PROVIDED ENTRIES –

=-=-=

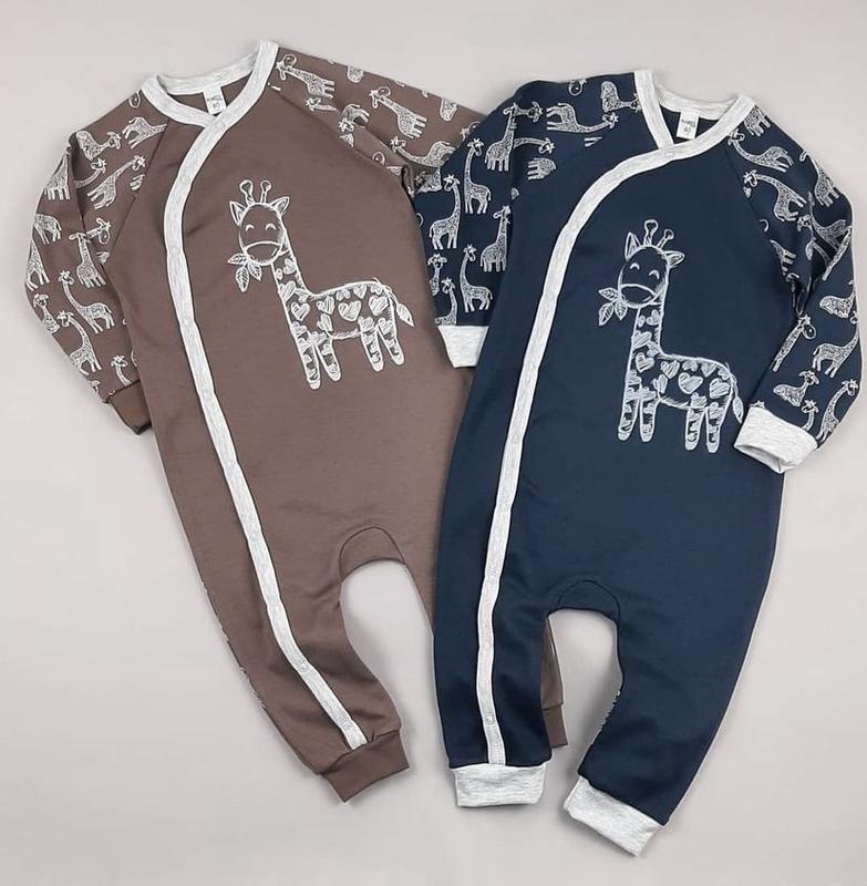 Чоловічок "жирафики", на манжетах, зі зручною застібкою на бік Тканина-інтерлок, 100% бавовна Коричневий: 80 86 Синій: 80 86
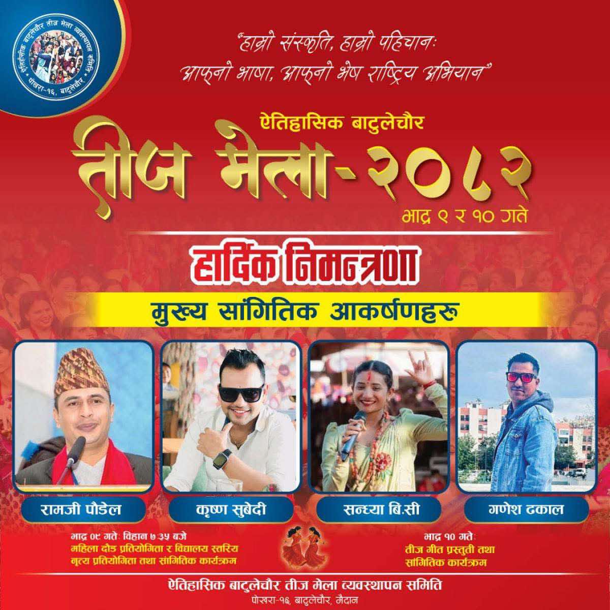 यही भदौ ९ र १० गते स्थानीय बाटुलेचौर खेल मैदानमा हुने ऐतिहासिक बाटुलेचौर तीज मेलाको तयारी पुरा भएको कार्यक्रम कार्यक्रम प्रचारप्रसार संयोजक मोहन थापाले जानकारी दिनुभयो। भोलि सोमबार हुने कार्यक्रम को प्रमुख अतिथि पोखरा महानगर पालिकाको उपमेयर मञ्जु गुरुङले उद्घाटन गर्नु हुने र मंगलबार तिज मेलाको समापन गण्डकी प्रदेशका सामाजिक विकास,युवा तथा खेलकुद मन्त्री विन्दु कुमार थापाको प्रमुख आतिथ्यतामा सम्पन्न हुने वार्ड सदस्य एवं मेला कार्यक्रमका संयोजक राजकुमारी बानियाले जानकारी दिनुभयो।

=-=-=

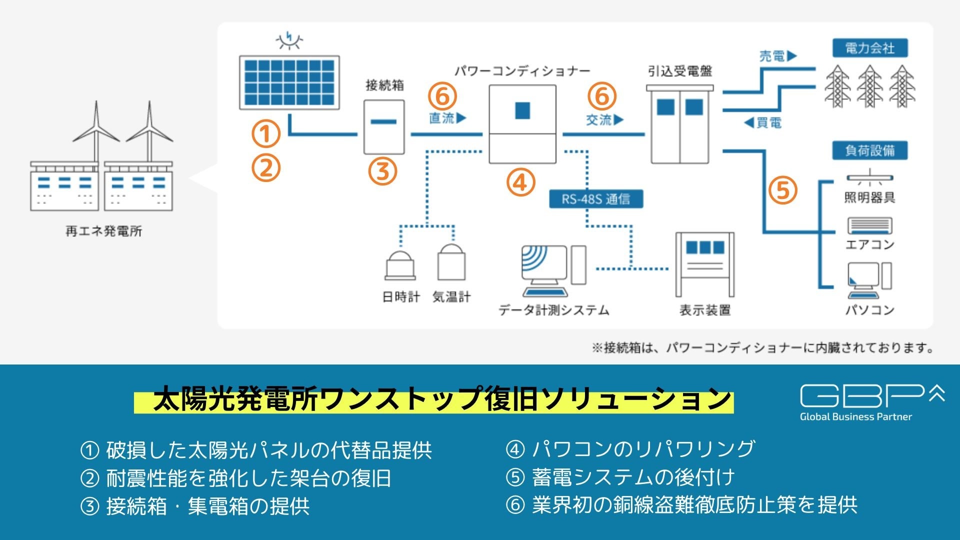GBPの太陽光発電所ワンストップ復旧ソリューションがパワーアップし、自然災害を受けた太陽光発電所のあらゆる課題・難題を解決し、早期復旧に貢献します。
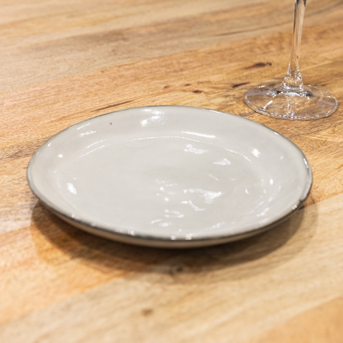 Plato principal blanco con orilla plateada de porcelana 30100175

=-=-=

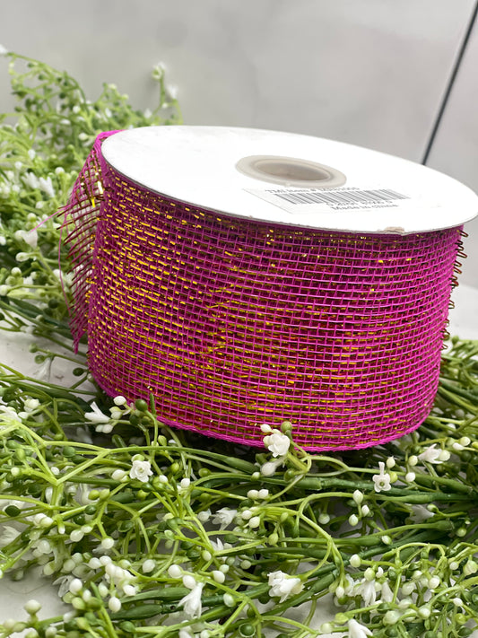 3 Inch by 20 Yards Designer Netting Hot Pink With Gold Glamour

=-=-=

Both boundary lines included, write out word for word only the lines above from the one containing "Синій: 80 86" to the one containing "यही भदौ ९ र", leaving out any pictures.

RESPONSE AREA –
 Чоловічок "жирафики", на манжетах, зі зручною застібкою на бік Тканина-інтерлок, 100% бавовна Коричневий: 80 86 Синій: 80 86
 यही भदौ ९ र १० गते स्थानीय बाटुलेचौर खेल मैदानमा हुने ऐतिहासिक बाटुलेचौर तीज मेलाको तयारी पुरा भएको कार्यक्रम कार्यक्रम प्रचारप्रसार संयोजक मोहन थापाले जानकारी दिनुभयो। भोलि सोमबार हुने कार्यक्रम को प्रमुख अतिथि पोखरा महानगर पालिकाको उपमेयर मञ्जु गुरुङले उद्घाटन गर्नु हुने र मंगलबार तिज मेलाको समापन गण्डकी प्रदेशका सामाजिक विकास,युवा तथा खेलकुद मन्त्री विन्दु कुमार थापाको प्रमुख आतिथ्यतामा सम्पन्न हुने वार्ड सदस्य एवं मेला कार्यक्रमका संयोजक राजकुमारी बानियाले जानकारी दिनुभयो।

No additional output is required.